= Beginning of Section =

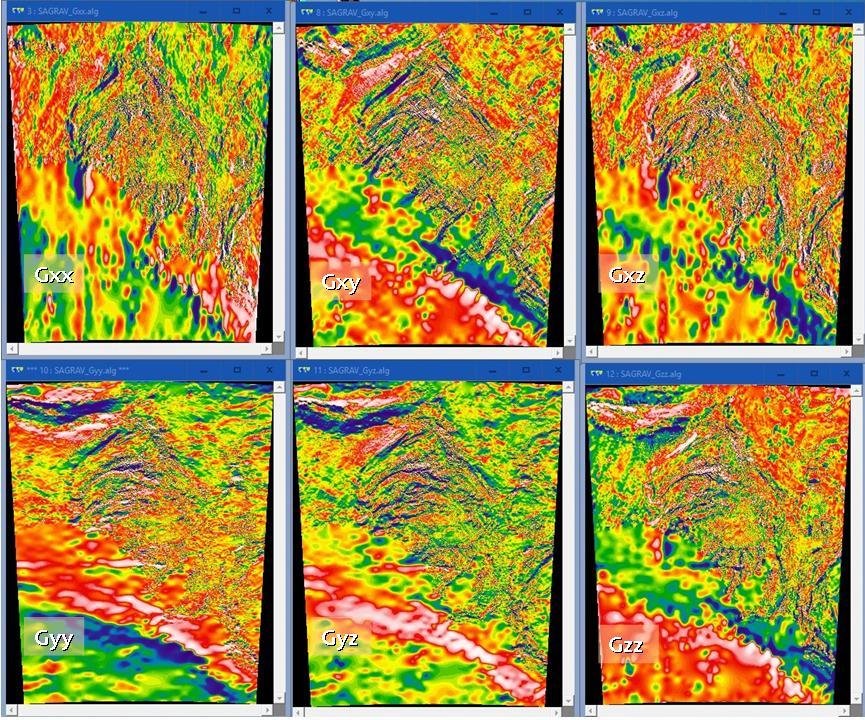 To examine what gravity gradient components of the tensor look like, observe the figure above where the vertical Bouguer Gravity for South Australia has been mathematically transformed into the principal tensor components. It is easy to see that, as expected, the Gzz is virtually equivalent to the 1VD of Bouguer Gravity and reflects vertical variations in the gravity gradient. Gxx and Gyy, being horizontal derivatives, show the geological trend variations in the North-South and East-West directions respectively. Gxz and Gyz represent the horizontal gradients with respect to the vertical and therefore tend to show where the Edges of anomalies are in the N-S/E-W directions, whilst Gxy shows the corners of anomalies.
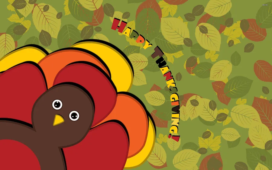 Cartoon Thanksgiving Turkey With Falling Leaves Wallpaper -
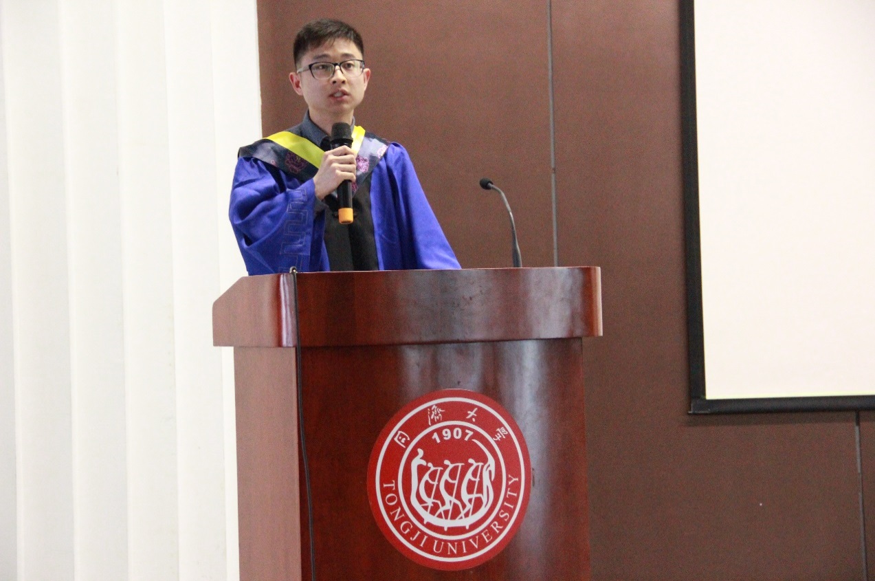在会上,楼狄明教授作为导师代表首先对同学们顺利毕业表示祝贺,在肯定硕士毕业生的学术水平与科研成果的同时,表达了对毕业生的不舍之情。楼教授还希望大家既要学会学习,不断给自己充电,更要学会学以致用,让自己放电,只有释放自己的才华和本领才能有所成就,有所收获。上海市优秀毕业生郭石磊作为毕业生代表对p站
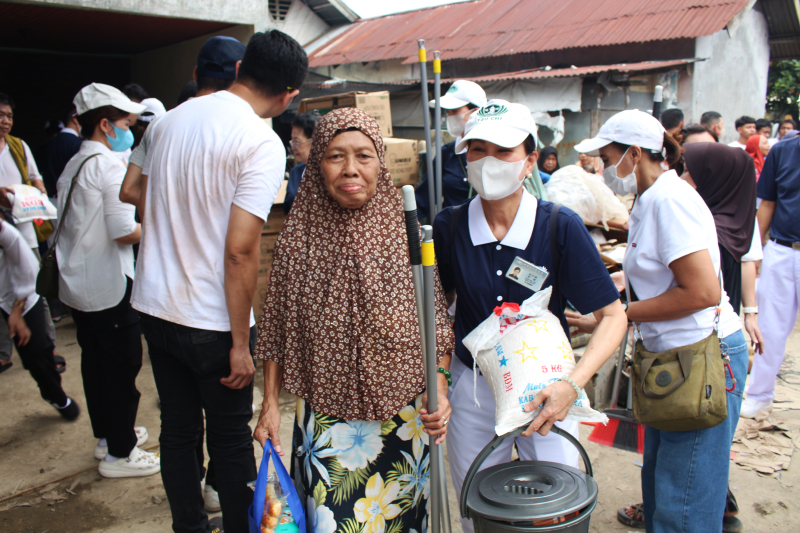Salah satunya adalah Rina (60), warga Gg. Karang Sari yang sehari-harinya adalah ibu rumah tangga. Ia tinggal bersama 13 anggota keluarganya dalam satu rumah. Dengan suara bergetar, ia menyampaikan rasa terima kasihnya kepada Tzu Chi “Saya sangat berterima kasih kepada Tzu Chi yang sudah memberikan bantuan dan makanan kepada kami. Walaupun para relawan tidak mengenal kami, tetapi mereka begitu perhatian kepada warga yang terdampak banjir. Saat banjir terjadi, kami sampai tidak punya makanan. Jika ada sedikit makanan, kami saling berbagi hanya beberapa suap untuk keluarga. Saya berharap relawan Tzu Chi selalu diberi semangat untuk terus menyebarkan kebaikan kepada siapa pun.”
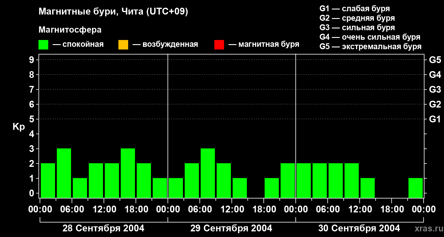 Изменения геомагнитного индекса Kp с 28 по 30 сентября 2004 года для средних широт
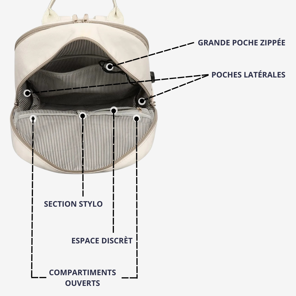 L’essentiel toujours bien organisé, dans un sac pensé pour bouger librement et sans stress.
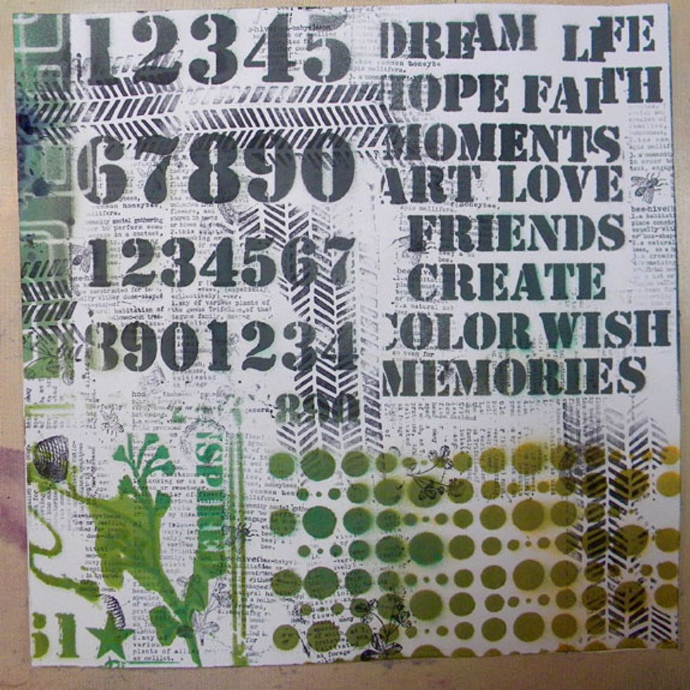 Here is the other piece of cardstock I placed on top of the stencils. I really don't care about the words and numbers being backwards. I love the cool negative pattern the technique created.

= End of Section =

Your objective >> Repeat the records in full, precisely, and keep the pictures out.

Result >>
 To examine what gravity gradient components of the tensor look like, observe the figure above where the vertical Bouguer Gravity for South Australia has been mathematically transformed into the principal tensor components. It is easy to see that, as expected, the Gzz is virtually equivalent to the 1VD of Bouguer Gravity and reflects vertical variations in the gravity gradient. Gxx and Gyy, being horizontal derivatives, show the geological trend variations in the North-South and East-West directions respectively. Gxz and Gyz represent the horizontal gradients with respect to the vertical and therefore tend to show where the Edges of anomalies are in the N-S/E-W directions, whilst Gxy shows the corners of anomalies.
 Cartoon Thanksgiving Turkey With Falling Leaves Wallpaper -
在会上,楼狄明教授作为导师代表首先对同学们顺利毕业表示祝贺,在肯定硕士毕业生的学术水平与科研成果的同时,表达了对毕业生的不舍之情。楼教授还希望大家既要学会学习,不断给自己充电,更要学会学以致用,让自己放电,只有释放自己的才华和本领才能有所成就,有所收获。上海市优秀毕业生郭石磊作为毕业生代表对p站
Salah satunya adalah Rina (60), warga Gg. Karang Sari yang sehari-harinya adalah ibu rumah tangga. Ia tinggal bersama 13 anggota keluarganya dalam satu rumah. Dengan suara bergetar, ia menyampaikan rasa terima kasihnya kepada Tzu Chi “Saya sangat berterima kasih kepada Tzu Chi yang sudah memberikan bantuan dan makanan kepada kami. Walaupun para relawan tidak mengenal kami, tetapi mereka begitu perhatian kepada warga yang terdampak banjir. Saat banjir terjadi, kami sampai tidak punya makanan. Jika ada sedikit makanan, kami saling berbagi hanya beberapa suap untuk keluarga. Saya berharap relawan Tzu Chi selalu diberi semangat untuk terus menyebarkan kebaikan kepada siapa pun.”
 Изменения геомагнитного индекса Kp с 28 по 30 сентября 2004 года для средних широт
 L’essentiel toujours bien organisé, dans un sac pensé pour bouger librement et sans stress.
 Here is the other piece of cardstock I placed on top of the stencils. I really don't care about the words and numbers being backwards. I love the cool negative pattern the technique created.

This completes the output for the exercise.